Ni figura del pasado, ni ícono ni símbolo, el Apóstol es mucho más que eso. Su personalidad, colmada de valores humanos, le entrona en una perfección que no niega su condición como un hombre de carne y hueso.
Es, en esencia, una fuente inagotable. Se puede llegar a su caudal por disímiles vías: la poesía, la filosofía, la política, la ética, la literatura, el periodismo. Los caminos hacia él son variados y nunca hijos de la repetición y la desidia de las biografías anquilosadas.
Sus obras y hazañas son estudiadas desde edades tempranas. Sin embargo, muchas personas ignoran al verdadero José Martí, sus luces y sombras, sus ideas y pensamientos, cuya vigencia e intemporalidad trascienden el siglo XIX.
El esquematismo o el encasillamiento han caracterizado algunas veces la enseñanza del legado histórico del Héroe de Cuba.
Hay que amar a Martí, entenderlo para predicar su obra, para asumirla. La práctica diaria demuestra que se puede aprender de memoria una biografía, apoyarse en una cronología de su vida, repetir muchas de sus frases, y sin embargo, los actos pueden llegar a ser la negación de la propia palabra martiana.
Martí supera cualquier visión contemporánea: una foto colgada en una pared del aula, un busto en el patio de la escuela, Los zapaticos de rosa recitados en el matutino escolar, frases y consignas...
Ya lo dijo el Che Guevara, que su legado no era de librería ni museo. ¡No!, Martí es vida, es amor por lo justo, es pasión desmedida.

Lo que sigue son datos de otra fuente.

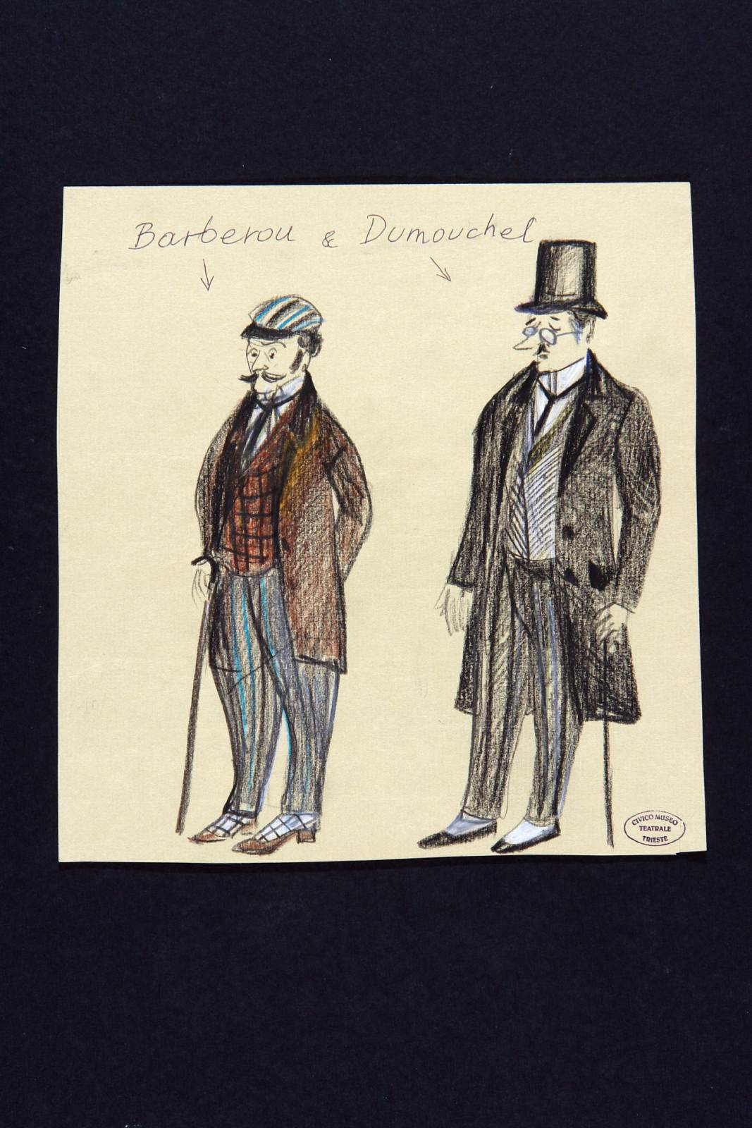 Bouvard e Pecuchet di Tullio Kezich e Luigi Squarzina da Gustave Flaubert. Personaggi: Barberou e Dumouchel. Due figure maschile vestiti da passeggio . A sinistra Barberou: berrettino rigato con frontino, camicia, cravatta, panciotto a riquadri, pantaloni rigati, soprabito, bastone, calze a quadri bicolori, scarpe scollate con tacco basso. A destra Dumouckel: indossa cappello a cilindro, camicia, cravatta, gilè spinato, pantaloni rigati, bastone, ghette bicolori
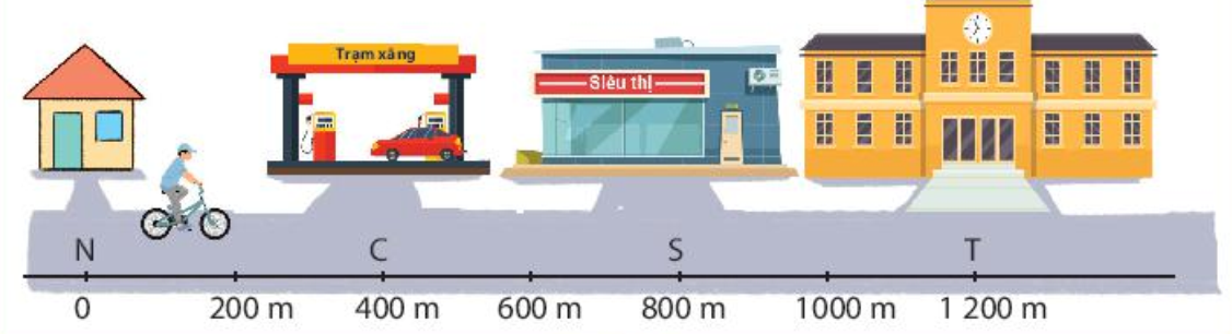 Bạn Nam đi xe đạp từ nhà qua trạm xăng, tới siêu thị mua đồ rồi quay về nhà cất đồ, sau đó đi xe đến trường. Chọn hệ tọa độ có gốc tại vị trí nhà bạn Nam, trục Ox trùng với đường đi từ nhà bạn Nam tới trường.

El político que escribió que «en los pueblos libres, el derecho ha de ser claro. En los pueblos dueños de sí mismos, el derecho ha de ser popular», no puede ser solo reducido a visiones simplistas de expresiones colocadas en murales y pancartas.
El pensador que dijo que había tres cosas que «cada persona debería hacer durante su vida: plantar un árbol, tener un hijo y escribir un libro», no puede ser tratado únicamente como un oráculo de sentencias que sirven «para cualquier circunstancia».
El hombre que defendió la idea de que «amor cuerdo, no es amor», o que rubricó «yo voy sembrándote por doquier que voy, para que te sea amiga la vida. Tu cada vez que veas la noche oscura o el sol nublado piensa en mí», no puede consumirse en altares rígidos y santificados.
Martí no es un fetiche ni un credo. Tampoco una panacea. Es mucho a la vez; pero antes que político, antes que periodista, antes que escritor, fue un hombre, un hombre bueno como queremos ser hoy, mañana y siempre.